**Work task:**
The listing below holds a line with "在存档界面,点击红色箭头所指" and a line with "看上去是三层,推行上是一大一". Reproduce those two lines exactly, plus everything between them.

**Given data:**
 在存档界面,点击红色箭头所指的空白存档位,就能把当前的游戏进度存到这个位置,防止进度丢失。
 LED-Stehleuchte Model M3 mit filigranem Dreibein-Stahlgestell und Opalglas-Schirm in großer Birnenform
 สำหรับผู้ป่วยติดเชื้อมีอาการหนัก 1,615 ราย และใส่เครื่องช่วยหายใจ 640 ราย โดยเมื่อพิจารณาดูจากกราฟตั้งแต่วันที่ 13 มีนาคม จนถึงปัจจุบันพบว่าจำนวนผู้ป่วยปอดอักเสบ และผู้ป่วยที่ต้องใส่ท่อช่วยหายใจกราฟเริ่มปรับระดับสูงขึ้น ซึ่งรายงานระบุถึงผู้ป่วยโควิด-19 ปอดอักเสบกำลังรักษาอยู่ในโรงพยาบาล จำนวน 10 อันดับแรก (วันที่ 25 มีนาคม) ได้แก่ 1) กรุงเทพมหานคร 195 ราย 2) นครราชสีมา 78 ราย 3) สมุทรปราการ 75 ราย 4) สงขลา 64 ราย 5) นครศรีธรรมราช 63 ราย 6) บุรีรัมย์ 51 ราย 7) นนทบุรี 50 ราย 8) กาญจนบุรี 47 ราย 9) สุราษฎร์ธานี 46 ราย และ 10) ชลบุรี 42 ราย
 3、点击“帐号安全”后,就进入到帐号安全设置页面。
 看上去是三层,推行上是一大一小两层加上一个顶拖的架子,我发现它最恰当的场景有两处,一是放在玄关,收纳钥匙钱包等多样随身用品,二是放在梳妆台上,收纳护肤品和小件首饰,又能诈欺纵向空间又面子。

...

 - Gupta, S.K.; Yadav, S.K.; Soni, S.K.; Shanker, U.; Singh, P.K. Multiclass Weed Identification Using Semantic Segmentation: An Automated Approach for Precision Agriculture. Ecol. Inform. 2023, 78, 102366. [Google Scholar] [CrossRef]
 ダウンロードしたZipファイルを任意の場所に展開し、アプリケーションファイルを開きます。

--

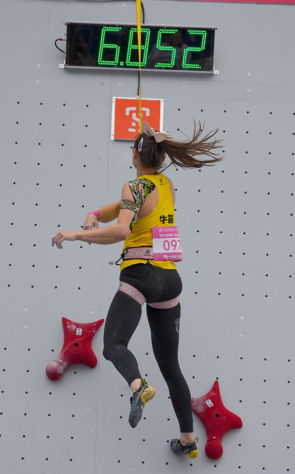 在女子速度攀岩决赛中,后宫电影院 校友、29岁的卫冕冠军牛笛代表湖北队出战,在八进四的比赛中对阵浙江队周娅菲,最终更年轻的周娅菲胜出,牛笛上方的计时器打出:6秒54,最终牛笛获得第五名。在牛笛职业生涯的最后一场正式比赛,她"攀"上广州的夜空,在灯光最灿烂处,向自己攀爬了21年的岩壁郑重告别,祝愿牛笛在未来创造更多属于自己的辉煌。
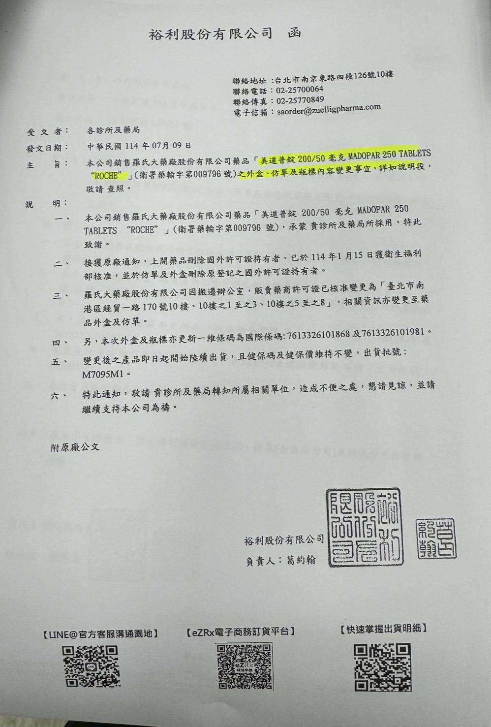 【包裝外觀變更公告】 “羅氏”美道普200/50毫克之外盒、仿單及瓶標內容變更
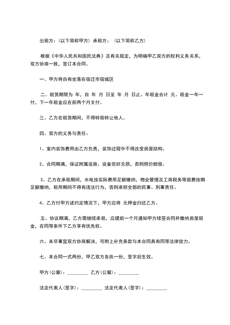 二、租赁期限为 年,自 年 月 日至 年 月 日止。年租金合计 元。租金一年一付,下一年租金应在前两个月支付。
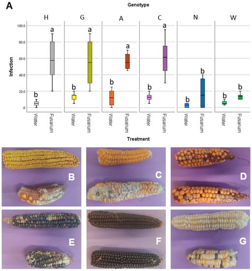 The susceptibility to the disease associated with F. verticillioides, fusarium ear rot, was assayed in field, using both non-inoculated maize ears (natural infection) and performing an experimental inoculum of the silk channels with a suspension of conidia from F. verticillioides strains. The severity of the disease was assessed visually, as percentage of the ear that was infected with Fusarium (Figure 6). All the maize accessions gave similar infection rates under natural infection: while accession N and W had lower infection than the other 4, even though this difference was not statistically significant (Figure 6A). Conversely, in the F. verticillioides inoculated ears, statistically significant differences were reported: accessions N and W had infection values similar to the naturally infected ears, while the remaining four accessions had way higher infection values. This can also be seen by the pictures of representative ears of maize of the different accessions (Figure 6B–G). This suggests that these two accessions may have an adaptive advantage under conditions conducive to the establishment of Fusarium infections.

**Your response:**
 在存档界面,点击红色箭头所指的空白存档位,就能把当前的游戏进度存到这个位置,防止进度丢失。
 LED-Stehleuchte Model M3 mit filigranem Dreibein-Stahlgestell und Opalglas-Schirm in großer Birnenform
 สำหรับผู้ป่วยติดเชื้อมีอาการหนัก 1,615 ราย และใส่เครื่องช่วยหายใจ 640 ราย โดยเมื่อพิจารณาดูจากกราฟตั้งแต่วันที่ 13 มีนาคม จนถึงปัจจุบันพบว่าจำนวนผู้ป่วยปอดอักเสบ และผู้ป่วยที่ต้องใส่ท่อช่วยหายใจกราฟเริ่มปรับระดับสูงขึ้น ซึ่งรายงานระบุถึงผู้ป่วยโควิด-19 ปอดอักเสบกำลังรักษาอยู่ในโรงพยาบาล จำนวน 10 อันดับแรก (วันที่ 25 มีนาคม) ได้แก่ 1) กรุงเทพมหานคร 195 ราย 2) นครราชสีมา 78 ราย 3) สมุทรปราการ 75 ราย 4) สงขลา 64 ราย 5) นครศรีธรรมราช 63 ราย 6) บุรีรัมย์ 51 ราย 7) นนทบุรี 50 ราย 8) กาญจนบุรี 47 ราย 9) สุราษฎร์ธานี 46 ราย และ 10) ชลบุรี 42 ราย
 3、点击“帐号安全”后,就进入到帐号安全设置页面。
 看上去是三层,推行上是一大一小两层加上一个顶拖的架子,我发现它最恰当的场景有两处,一是放在玄关,收纳钥匙钱包等多样随身用品,二是放在梳妆台上,收纳护肤品和小件首饰,又能诈欺纵向空间又面子。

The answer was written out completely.